Yes, you can refinance your home loan and, in the process, merge or consolidate your personal loan and home loan. By doing so, you can lower the number of debts you have, and you may also reduce the total interest you have to pay.

However, you should consult a financial advisor or a mortgage broker to confirm that you are decreasing your total outstanding debt, including interest payments. The repayment term for a home loan can be much longer than that for a personal loan, and by merging the two, you could be repaying a higher amount over the full term.

What is a bad credit personal loan?

A bad credit personal loan is a personal loan designed for somebody with a bad credit history. This type of personal loan has higher interest rates than regular personal loans as well as higher fees.

How much can you borrow with a bad credit personal loan?

Borrowers who take out bad credit personal loans don’t just pay higher interest rates than on regular personal loans, they also get loaned less money. Each lender has its own policies and loan limits, but you’ll find it hard to get approved for a bad credit personal loan above $50,000.

Should I get a fixed or variable personal loan?

Fixed personal loans keep your interest rate the same for the full loan term, while interest rates on variable personal loans may be raised or lowered during your loan term.

A fixed rate personal loan keeps your repayments consistent, which can help keep your budgeting consistent. You won't have to worry about higher repayments if your rates were to rise. However, on a fixed loan you’ll also potentially miss out on more affordable repayments if variable rates were to fall.

Does refinancing a personal loan hurt your credit score?

Personal loan refinancing means taking out a new loan with more desirable terms in order to access a more competitive interest rate, longer loan term, better features, or even to consolidate debts.

In some situations, refinancing a personal loan can improve your credit score, while in others, it may have a negative impact. If you refinance multiple loans by consolidating these into one loan, it could improve your credit score as you’ll have only one outstanding debt liability. Your credit may also improve if you consistently pay the instalments on time.

However, applying to refinance with multiple lenders could negatively affect your credit if your applications are rejected. Also, if you delay or default the repayment, your credit score reduces.

How long does it take to get a student personal loan?

Completing an online personal loan application can often take anywhere from 10 minutes to 1 hour. Depending on your lender, processing your personal loan application may take anywhere between 1 and 24 hours. If your personal loan application is approved, you may receive the money in your bank account the following business day, or, in some cases, the same day.

Is a personal loan a variable or fixed-rate loan?
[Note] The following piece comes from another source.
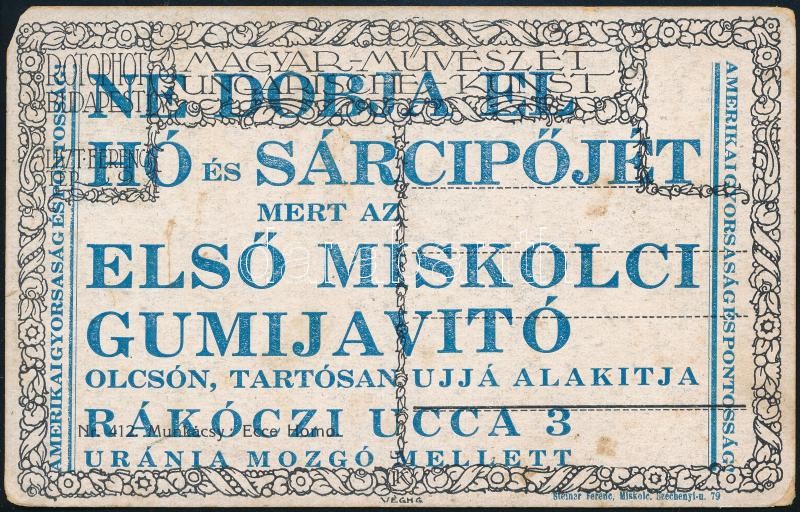 Első Miskolci Gumijavító reklámja Magyar Művészetes képeslapra nyomva https://www.darabanth.com/de/387-Fernauktion/387.0/Kunst-Dokumente-andere-Sammelgebiete/Werbungen~24/Elso-Miskolci-Gumijavito-reklamja-Magyar-Muveszetes-kepeslapra-nyomva~II2316162

Depending on the personal loan lender, you may be able to choose between a fixed and a variable interest rate. But, there are a few distinct differences between the two, so it’s important to weigh up the pros and cons before deciding on what’s right for you.

A fixed interest rate loan gets you the convenience of knowing exactly how much you need to repay each fortnight or month. On the other hand, you generally won’t be able to make lump sum or advanced payments to close your personal loan early - or at least not without a penalty.

With a variable interest rate personal loan, you may be able to get a longer loan repayment term, with the option of paying off the loan early. You typically won’t need to pay any additional charges for an early full repayment either. The potential disadvantage with an interest rate that can change is that your repayment is not entirely predictable, as it can fluctuate with the market. However, you’ll likely have more options as more lenders offer a variable interest rate personal loan.